Как бы О. Финк ни пытался в своей известной статье[306] защитить феноменологию Гуссерля от обвинений в интуитивизме, интуитивизм несомненно имеет место у Гуссерля, причем в решающем пункте – в теории значения. Об этом говорит и весь словесно-терминологический ряд, характеризующий акты сознания: «схватывать», «усматривать», «постигать» и т. д. Другое дело что к интуитивизму гуссерлевское учение о сознании не сводится, ибо строгой корреляции «самотождественного предмета» (соответственно, самотождественного значения) и актов сознания нет и не может быть именно в аспекте тождества, т. е. именно потому, что акт сознания, интенциональное переживание никогда не предстает у Гуссерля некоторой «точечной» самотождественной интуицией. Здесь, однако, необходимо провести различие между гуссерлевской интерпретацией нетождественности акта сознания как синтетической функции и гуссерлевской аналитикой опыта, которая обнаруживает нетождественность опыта сознания как различающую функцию.
Чистая логика оказалась «полезной фикцией»; исследование «оболочки» чистых логических значений – переживаний логического – привели (через попытку отделить чистую интенцию значения) к различию интенции и ее осуществления.
Со времен Декарта и Бэкона было проведено изрядное количество различий, характеризующих сознание, разум, познавательную способность и т. п. Какими бы ни были эти различия, с их помощью выделялись определенные модусы мыслящей субстанции или «силы» познавательной способности, которые располагались в определенной иерархии и между которыми пытались установить взаимосвязь. (Сюда можно отнести, например, различие между перцепцией и идеей у Юма.) В полной мере такая методология осуществлена в Критике чистого разума.
Различие между различиями Декарта, Локка, Юма, Канта (и другими «великими различиями») и различием Гуссерля (а также некоторыми различиями, проведенными Брентано) существенное. С одной стороны, это различие сделано, как и все остальные, «со стороны» и носит исследовательский характер, с другой стороны, и это более важно, это различие характеризует предельное, если угодно, изначальное свойство сознания – проводить это различие. Иначе говоря, не столько «в» сознании выделяются акт придания значения (интенция значения) и его осуществление, сколько сознание характеризуется как их различение, как постоянное «напряжение» между ними.
Из всех упомянутых и не упомянутых гуссерлевских различий в I Исследовании различие интенции значения и осуществления значения не только является основным в методологическом аспекте, но и является – как «различающая сила сознания» – различием по преимуществу.
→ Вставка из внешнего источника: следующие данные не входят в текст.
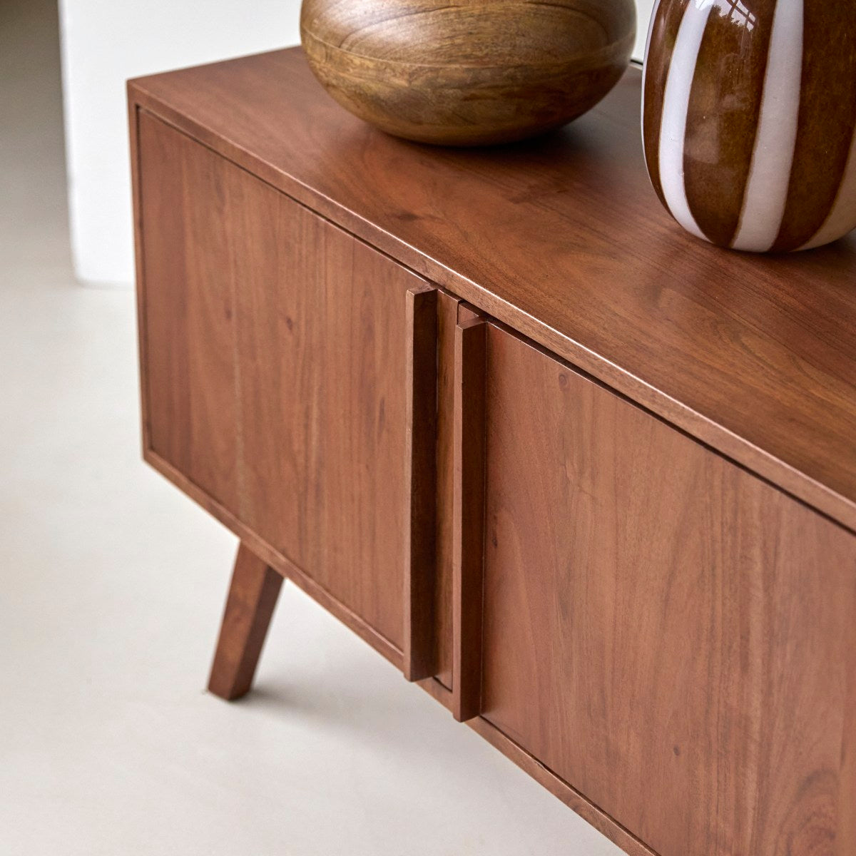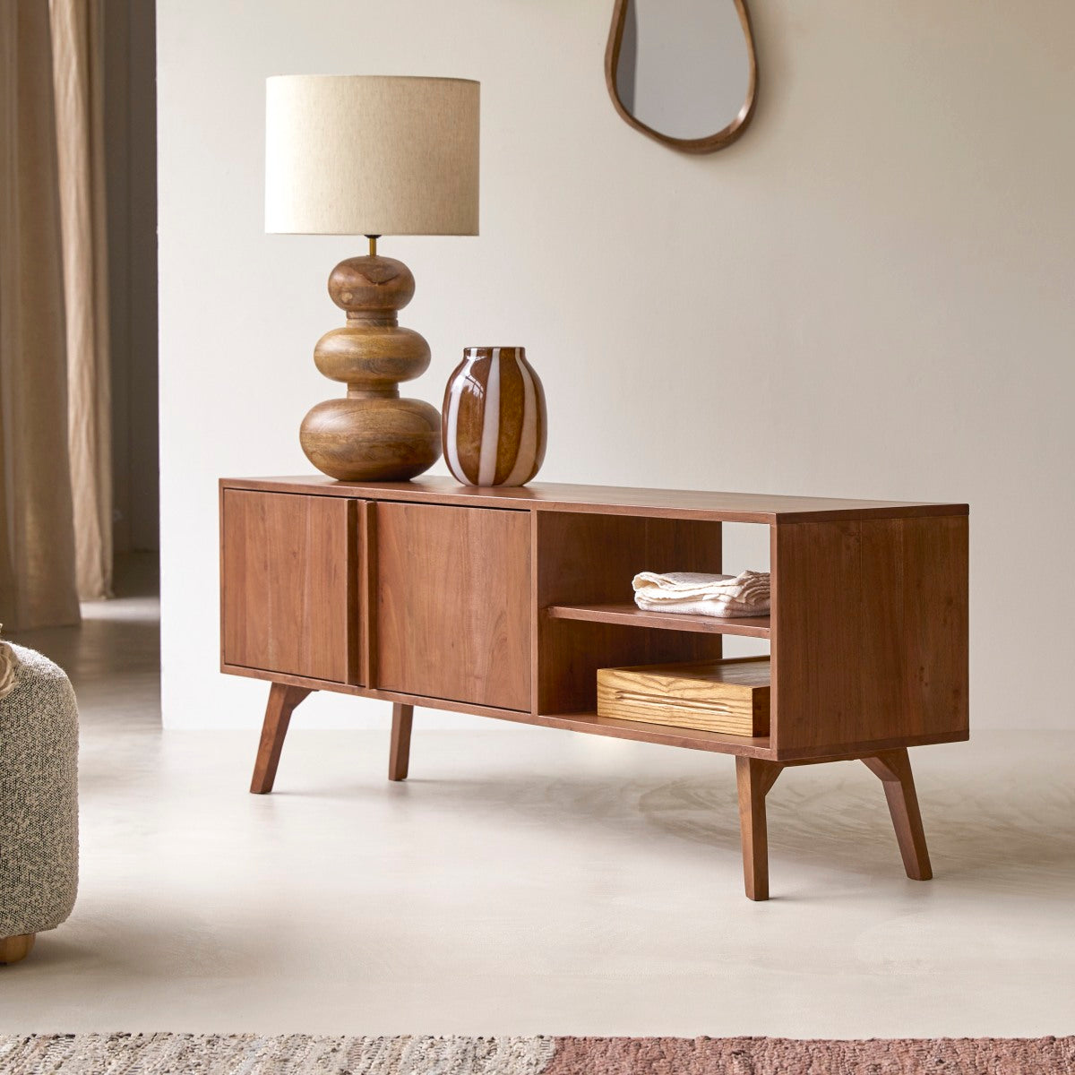 Het tv-meubel Niels van massief acacia is geïnspireerd op Scandinavisch design en meubilair uit de jaren 1950 en heeft strakke lijnen, is zeer functioneel en heeft evenwichtige proporties. De royale opbergruimte biedt functionele ruimte voor uw multimedia-apparatuur en bijpassende accessoires. Het is oorspronkelijk ontworpen voor de woonkamer, maar past ook harmonieus in andere woonruimtes zoals de woonkamer, de slaapkamer of het kantoor
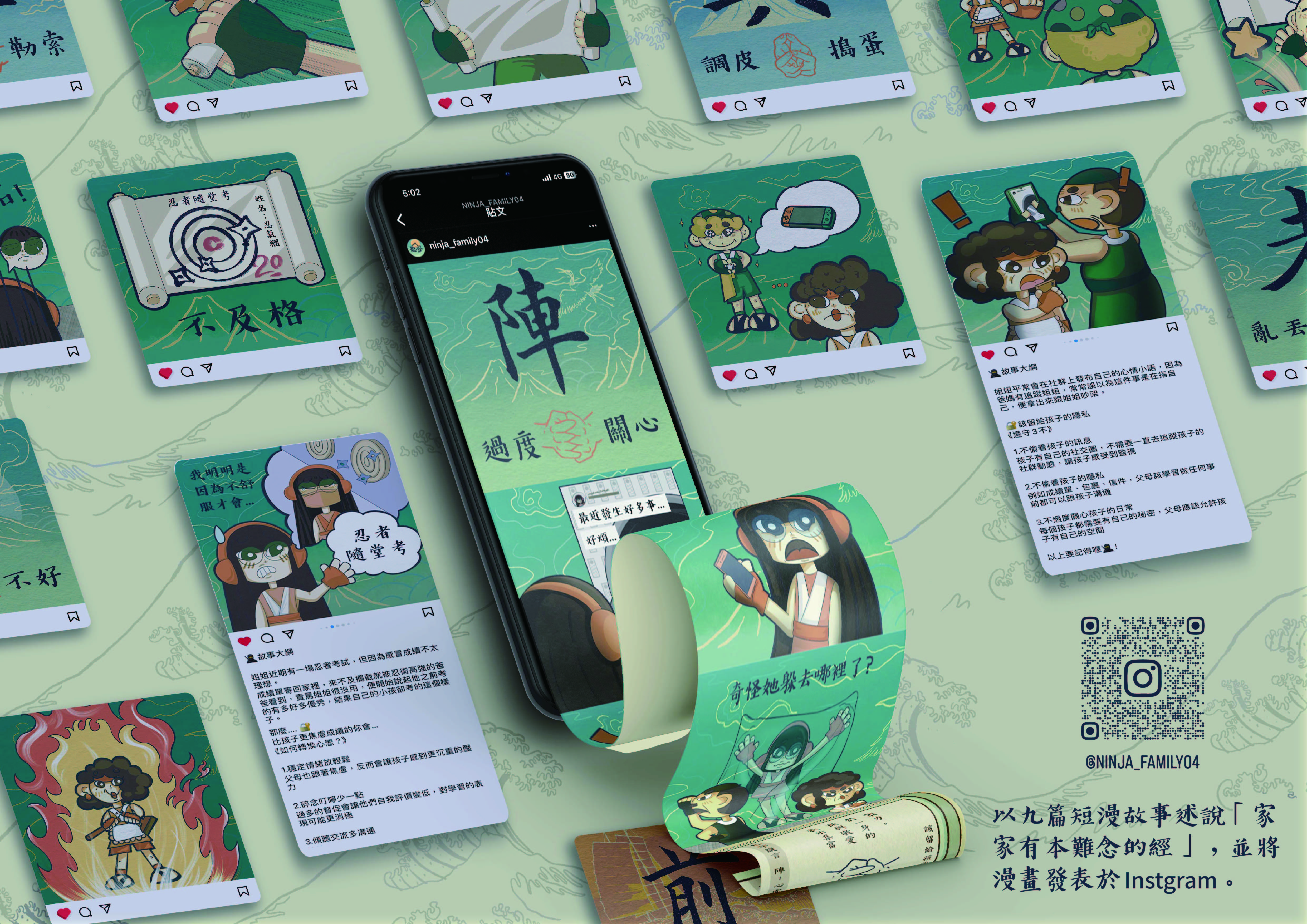 This is a design topic that explores family communication issues. It uses interesting and humorous cartoon content to describe the difficult parent-child communication problems of "every family has its own scriptures that are difficult to recite", and uses the character setting of "Ninja" to represent everything. The visual design of the family members who have to endure is in the style of Japanese comics.This special topic uses nine short comics to introduce different parent-child conflict stories. It hopes to provide parents with a healing channel while disciplining their children in a relaxed way, and to arouse empathy between parents and children, so as to find solutions to parent-child interactions.
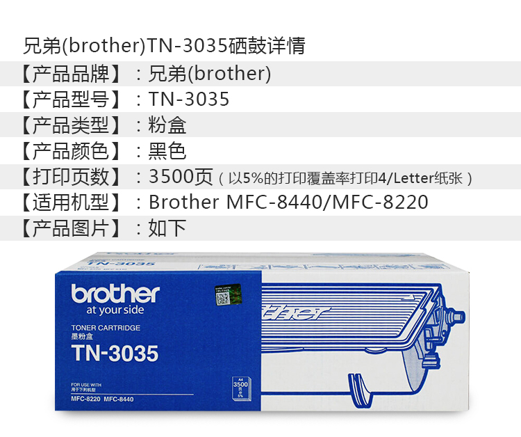 • 商品名稱:兄弟(brother)TN-3035粉盒 適用于兄弟8220/8440

Опыт и аналитика опыта приходят здесь в соприкосновение. Аналитика ничего не привносит в опыт и не открывает нечто существовавшее в опыте до аналитики. Аналитика не конструирует и не усматривает, аналитика различает различия и фиксирует их иерархию, она различает в опыте то, благодаря чему опыт может стать анализом опыта, и делает своим предметом «аналитические способности ума».
Различие интенции значения и осуществления значения прямо указывает, в рамках рассуждений Гуссерля, на парадоксальность гуссерлевской мысли, на противоречие между декларируемыми принципами и реально осуществляемым анализом. Если очевидность определяется Гуссерлем как тождество подразумеваемого и данного, а иначе говоря, тождество интенции и ее осуществления, то тогда следует признать, что предпосылка тождества не является первичной (по крайней мере, при определении очевидности), что очевидность предполагает различие того, что должно «в» очевидности совпасть. Тождество выступает в качестве результата, но не исходного пункта.
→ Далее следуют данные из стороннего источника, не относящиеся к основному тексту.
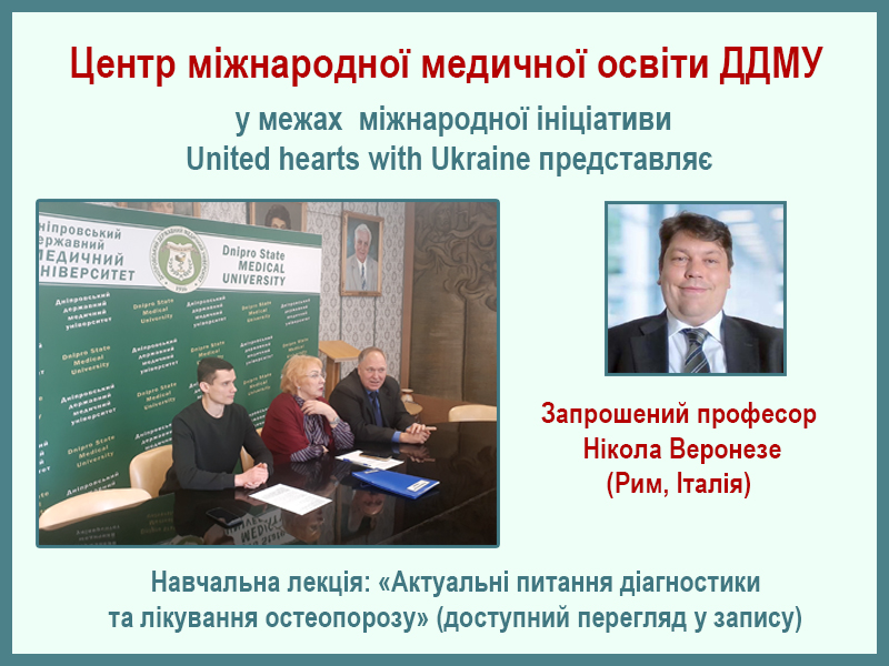 Навчальну лекцію для студентів ДДМУ на тему: «Актуальні питання діагностики та лікування остеопорозу» прочитав професор кафедри геріатрії та внутрішньої медицини Міжнародного університету наук про здоров’я Святого Камілла (Рим, Італія), професор університету короля Сауда, запрошений професор ДДМУ Нікола Веронезе.
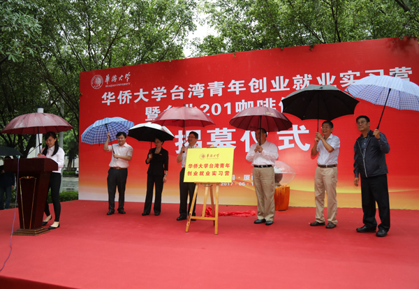 beat365唯一官网台湾青年创业就业实习营暨台北201咖啡俱乐部(以下简称“实习营”),17日下午在厦门软件园二期beat365唯一官网产学研基地揭牌成立。中华全国台湾同胞联谊会副会长杨毅周,beat365唯一官网校长贾益民、党委副书记朱琦环、原党委书记李冀闽,beat365唯一官网台湾校友会会长许思政,beat365唯一官网特聘台湾籍教授任弘等共同为其揭牌。
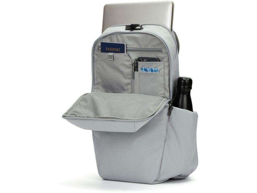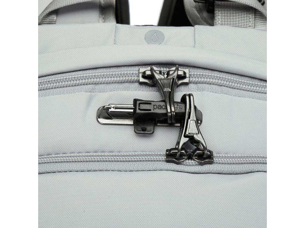 Zabezpečený batoh. Batohy a zavazadla Pacsafe jsou navrženy a vyrobeny tak, aby zabránily krádeži vašeho zavazadla, jeho obsahu i vaší identity a peněz z platebních karet. Batoh před krádeží chrání PopNLock bezpečnostní přezka, díky které ho lze rychle připoutat ke stolu, topení nebo zábradlí. Tolik "oblíbenému" přeřezání popruhů zabraňují 2 zapletená ocelová lanka v systému Carrysafe®. Přední panel je chráněn sítí ocelových lanek eXomesh®. Vnitřek batohu dále chrání zipy zajištěné pomocí unikátního systému Roobar® Sport. Vaše čipové karty a doklady jsou před možným zneužítím bezpečně uloženy v RFIDsafe® kapse.
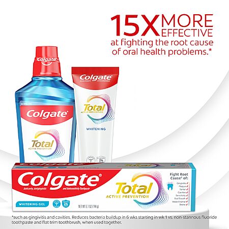 Amazon.com has Colgate Total Active Prevention Whitening Gel Toothpaste with Fluoride, Bulk with Clinically Proven Formula That Fights Plaque Bacteria, Mint, 4 Pack, 5.1 oz on sale for $8.49 when you [S&S] and click 20% coupon.

За пределами поставленных Гуссерлем целей различие интенции значения и осуществления значения указывает на избыточность сознания, на многообразие интенций, из которых лишь малая часть осуществляется в знаковой форме или в созерцании, указывает на многообразие различий и различений, лишь некоторые из которых реализуются в познании. Однако Гуссерль попытался снять эту проблему, введя «родовую сущность интенции»: самотождественность, по Гуссерлю, должна все же контролировать и сферу актов.
VIIЗНАК, МОНОЛОГ, КОММУНИКАЦИЯ
Можно ли считать, что теоретическое размышление, будь то в сфере математики и физики или теологии и философии и т. д., это всегда своего рода «беседа с самим собой», или же любое размышление, в том числе и теоретическое, включает в себя коммуникативную стратегию? Можно ли обнаружить чистый, некоммуникативный источник чистого, некоммуникативного значения, значения «в себе» и «только для нас»? Можно ли обнаружить самотождественное значение и его самореферентный источник с помощью тождеств? Или здесь не обойтись без «подлинного» различия, не предполагающего тождества – каковым является различие двух смыслов термина «знак».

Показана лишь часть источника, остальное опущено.